But the repressed always returns, and the return of the repressed in Hindu and Buddhist cultures is best represented by the efflorescence of Tantric traditions starting around the sixth century ce and continuing throughout the medieval and early modern periods, up until their gradual, if ineffective, suppression during the colonial and postcolonial eras. Certainly both the vagina and the phallus were central to many Tantric traditions. Each, for example, received extensive ritual attention, both in their actual physiological forms and as abstract triangular yantras (the famous Śrīvidyā yantra ) or abstract iconic forms (the liṅga-yoni ). Indeed, we have at least one entire text dedicated to the worship of the vagina, the Yoni Tantra, and numerous others treating the mythology and cultural meanings of the phallus (O'Flaherty's Śiva: The Erotic Ascetic and Bhattacharya's Śaivism and the Phallic World constitute treasuries of these). Moreover, as David Gordon White has argued in Kiss of the Yoginī, early medieval Kaula Tantra appears to have been organized around the production, distribution, and oral ingestion of real sexual fluids within Tantric clans. White suggests that such sexual rituals were designed to produce semen, which was then fed to the clan goddess or yoginī through the upper or lower "mouths" (a kind of ancient upward displacement of the vagina in Tantric symbolism). Similarly, female sexual fluids, including menstrual blood, were used in elaborate ritual contexts to transfer mystical energies (śakti) from the goddess/yoginī to the yogin (Irigaray's rich meditations on the morphology of female lips, the kiss, and the one who "thinks through mucous" seem especially apt here [An Ethics, 1993, p. 110]). Moreover, in numerous medieval Siddha alchemical contexts, the "power substances" of both semen and female sexual fluids, along with any number of symbolic or chemical equivalents (especially semen as rasa /mercury and menstrual blood or sexual emissions as sulfur/mica/red arsenic), were used to transubstantiate or sublimate mundane forms of consciousness and metals into ecstatic and divine ones (see White, 1996). On a side note, such rich material should give serious pause to historians of Gnosticism who wish to read accounts of similar practices in early Christian history simply as pure heresiological rumor.

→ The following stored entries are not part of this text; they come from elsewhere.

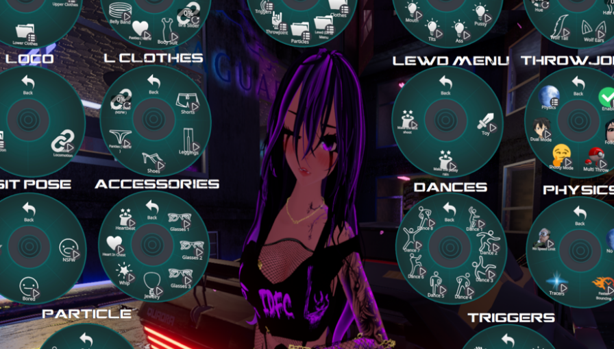 Lewd stuff with DPS: Left hand, Right hand, Pussy, Ass, Tits, Mouth, Dick, two very lewd particles "wink wink", Toy.
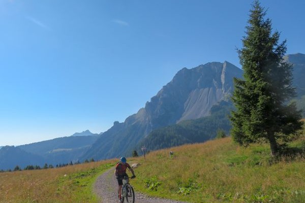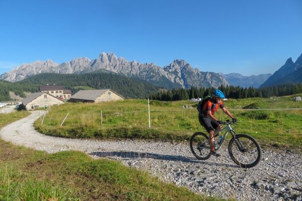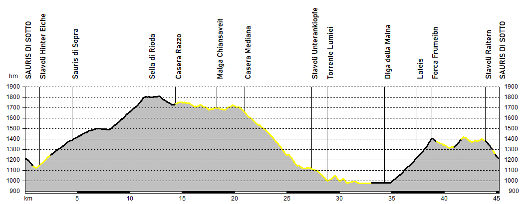 Il punto di partenza dista da qui solo quattro chilometri di salita a media pendenza: in alternativa, l’itinerario affronta la dura salita di Lateis continuando su fondo cementato ancor più ripido fino a Forca Frumeibn; pedalando sempre nel bosco si aggira quindi il monte Olbe, si supera il canalone del Rio Mitreichen e si scende infine a Sauris di Sotto lungo le piste da sci.
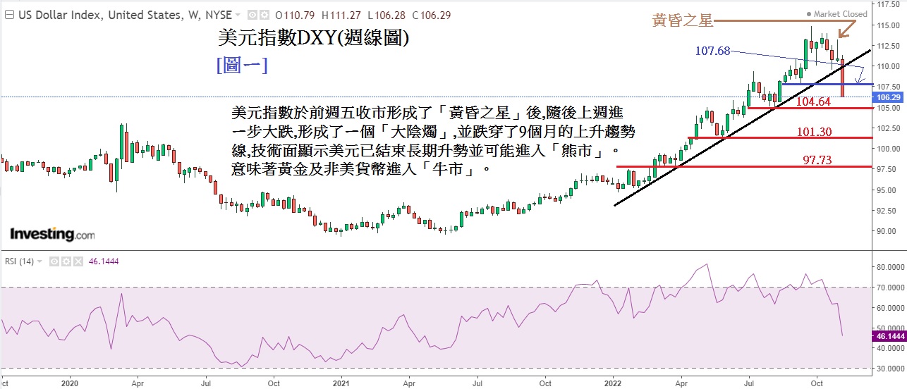 见下方[图ㄧ]美元指数DXY(周线图),美元指数于前周五(4)收市形成了颇长形的「黄昏之星」形态后,随后的ㄧ周(即上周) 美元指数进ㄧ步大跌,形成了ㄧ个「大阴烛」,并跌穿了9个月的上升趋势线,而且跌穿后向下伸延幅度相当深,故相信「假穿」成份不高。技术面显示美元已结束9个月升势并进入「熊市」(即未来数月下跌机率相当高) 这意味着黄金及非美货币进入「牛市」。
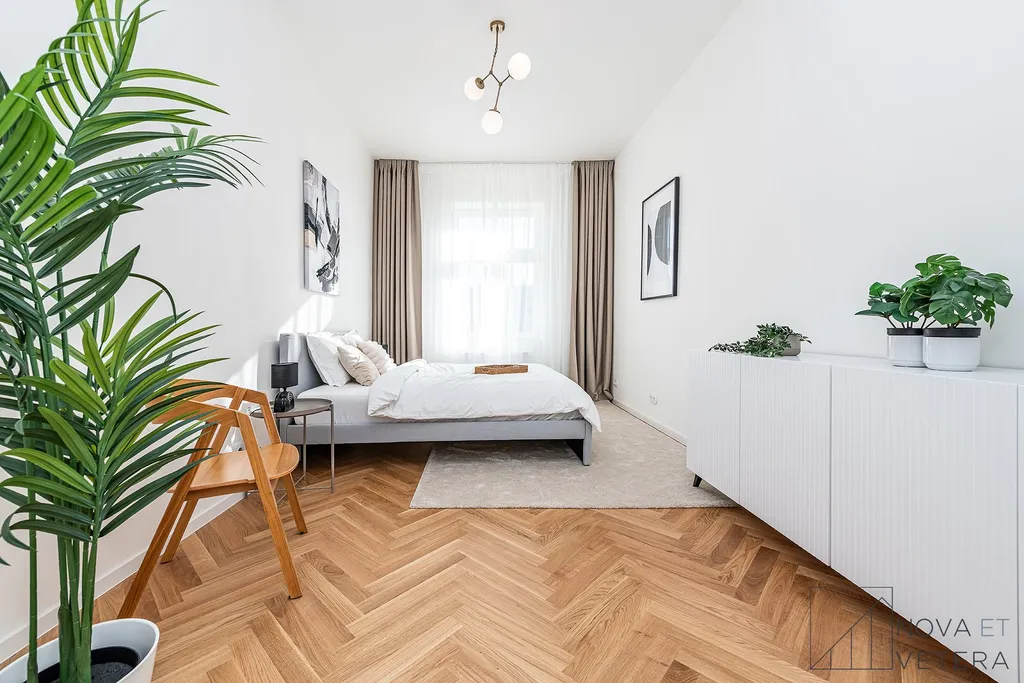 Vysoký standard kompletní rekonstrukce zahrnuje nové rozvody elektřiny, vody a odpadů. Dále rekonstrukce zahrnuje dřevěné parketové podlahy, kvalitní velkoformátové obklady a dlažbu od italského dodavatele MARAZZI. V koupelně a na toaletě naleznete sanitu značky GROHE. Moderní kuchyňská linka disponuje mimo jiné kvalitními spotřebiči značky BOSCH a zapuštěným granitovým dřezem.
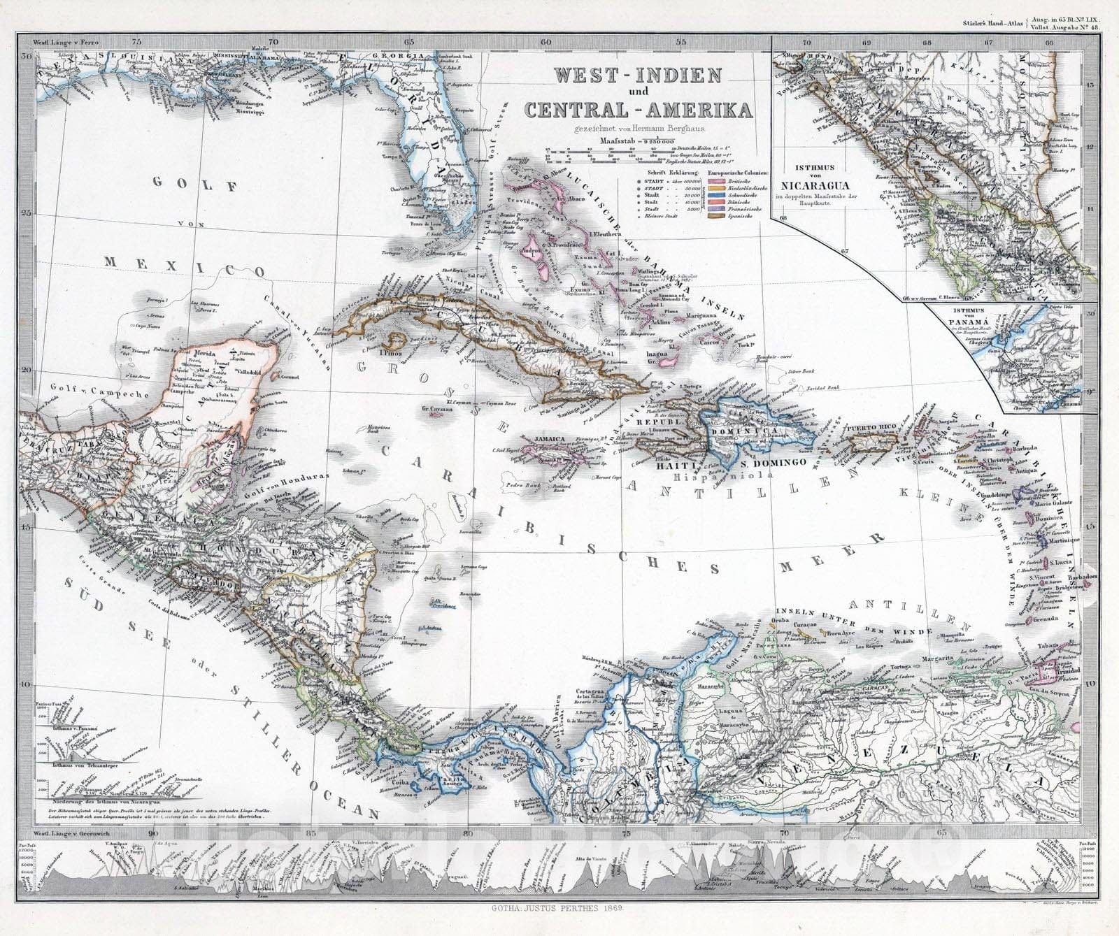 • .Historic Map : 1869 West-Indien und Central-Amerika. (West Indies and Central America). - Vintage Wall Art

Finally, before we leave ancient India, it also seems necessary to at least mention here the Jain traditions that placed such an enormous religious weight on male nudity as a sign of asceticism and renunciation. Certainly, neither Jain iconography nor Jain theology dwelt on the swollen phallus, since sexual desire was understood to entrap one further in the karmic webs of saṃsāra, but it nevertheless remains true that the ritual and iconic display of the tīrthaṃkara' s penis was and remains central to the tradition, not as a phallus per se, but as an almost casual sign of the male monk's indifference to social custom and victory over the psychological and physical webs of attachment and action (karma). Significantly, just as early Christianity broke with Judaism over the phallic question of the circumcised penis, early Jainism split into two separate traditions (the Digambaras or "sky-clad" [that is, naked] and Śvetāmbaras or "white-clad"), largely over the implicit phallic questions of ascetic (male) nudity, which of course involves the ritual display of the penis, and of the ability of women (that is, people without penises) to achieve salvation. Significantly, whereas the Śvetāmbaras defended the possibility of female salvation on the grounds that such salvation is an internal state not to be measured by the external criterion of clothes, both sects agreed that women could not practice ritual nudity—that, in other words, the vagina could not be publicly displayed like the penis (see Jaini).
Buddhist and Daoist Asia
Bernard Faure has written of what he calls the "red thread" of human sexuality that binds individuals to the family and the concerns of lineage, reproduction, and inheritance. Strikingly, whereas in Judaism and Islam the penis is cut to sacralize these lineage markers and in Brahmanism various sexual rituals are instituted for the same ends, within the Buddhist Vinaya (monastic regulations) the penis and vagina early on become veritable battlegrounds for the attempted cutting of this "red thread"—even if later, within Mahāyāna and Buddhist Tantra, they become mystical organs for this same thread's intimate weaving into the very natures of enlightenment, emptiness, and nirvāṇa. The discourses and semiotic patterns of what might be called the Buddhist phallus and vagina, in other words, are by no means singular or simple, and there are clearly many mythological and philosophical resources (the central doctrine of śūnyatā, or emptiness, foremost among them) for the deconstruction of gender and patriarchy. Still, these discourses, at least in their more normative forms, do seem to move within what many Buddhologists have identified as a profoundly androcentric, if not actually misogynistic, structure that identifies the female body as the paradigmatic example of impermanence, disgust, and suffering (see Wilson); that sees heterosexuality as the clearest threat to the stability and sanctity of the monastic community (homosexuality is quite another matter, as it can support and even strengthen monastic ties); and that even defines Tantric transgression itself as a dominantly male domain. Hence the Chinese Buddhist debates about whether one can be enlightened as a woman—that is, as a human being possessing a vagina or, perhaps more accurately, not possessing a penis. In some cases, at least, reincarnation was invoked as the preferred means of gender switching over multiple lives, or, alternately, as an explanation for gender-bending within an individual life ("I really am a man in a woman's body").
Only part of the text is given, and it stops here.